[Start of section]

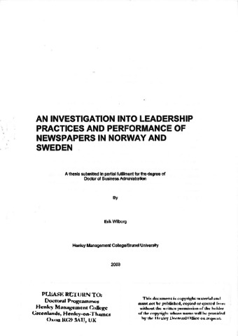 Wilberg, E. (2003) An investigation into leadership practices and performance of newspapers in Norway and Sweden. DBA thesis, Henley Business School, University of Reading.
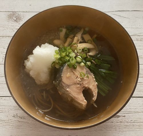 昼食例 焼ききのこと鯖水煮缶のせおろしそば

[End of section]
[Start of section]

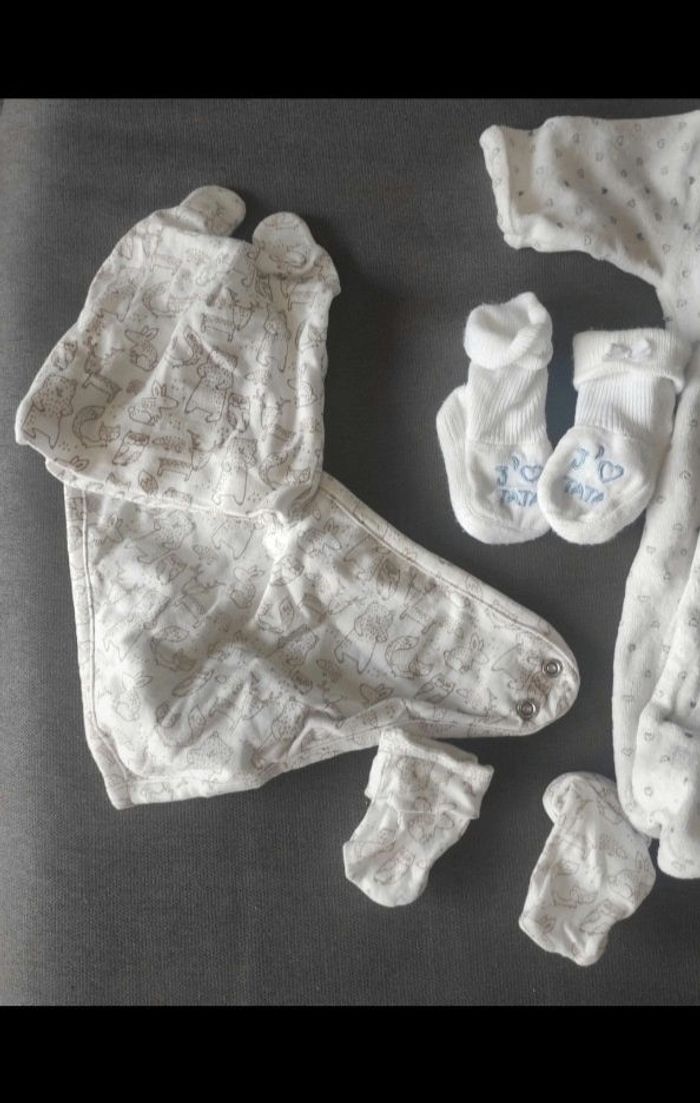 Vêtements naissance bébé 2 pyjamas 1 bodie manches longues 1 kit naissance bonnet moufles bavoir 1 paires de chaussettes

[End of section]

▶ **Exercise brief**: Beginning with the line above that contains "Wilberg, E. (2003)" and finishing with the line that contains "昼食例 焼ききのこと鯖水煮缶のせおろしそば", print those lines exactly and only. Skip all pictures.

▶ **Solution below**:
 Wilberg, E. (2003) An investigation into leadership practices and performance of newspapers in Norway and Sweden. DBA thesis, Henley Business School, University of Reading.
 昼食例 焼ききのこと鯖水煮缶のせおろしそば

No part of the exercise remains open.